Coming this month is an opportunity to change those odds. It’s a Race to the Top grant program aimed at building effective early childhood systems.

Investing in early childhood is long overdue. School-based programs come after the damage has been done. They are far more costly and less effective than programs that tackle learning problems at their root. No wonder that one school reform movement after another has failed to close the achievement gap.

Meanwhile early childhood programs have amassed an awesome, underappreciated track record.

Parent-home visiting programs, for example, literally erase the achievement gap. Low-income children from these programs grow up to graduate at rate actually higher than the overall average.

Likewise, long-term studies show that quality pre-school programs change children’s entire life paths, resulting in less special education . . . higher graduation rates . . . higher incomes, home ownership, and taxes . . . less welfare and crime.

Yet investment in children’s early years has been anemic.

One obstacle is the patchwork nature of early childhood services, delivered through a mind-boggling array of separate agencies and providers. We need instead a coordinated system, so children get the services they need and funds are spent wisely.

The Race to the Top program gives New York the opportunity to build such a system. The program will provide grants to states that develop plans for coordinating services and maintaining standards. Governor Cuomo has announced that New York will enter the competition.

The effort deserves our support, because a better educated workforce is critical to economic competitiveness.
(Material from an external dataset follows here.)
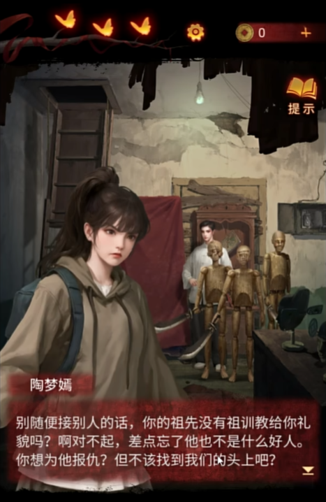 陶梦嫣——因为超强的毒舌能力和在第二部的怼人场面中,被玩家们亲切的称为陶怼怼,在纸嫁衣系列中,目前她是唯一的一个两部都是女主身份,新作的整体剧情可以看做是她前世因的今世果。

That’s why business groups are leading the push for early intervention. One organization, America’s Edge, maintains a website filled with eye-opening information. (Other links can be found on the Rauch Foundation’s Facebook page.)

I wish more people knew about this issue. But it’s like so many of our most serious problems, from energy to land use. Instead of embracing smart new ideas, we keep doing the same old thing.

It’s time to start changing that scenario. Extensive research shows that investing in early childhood is a smart move. Let’s move it.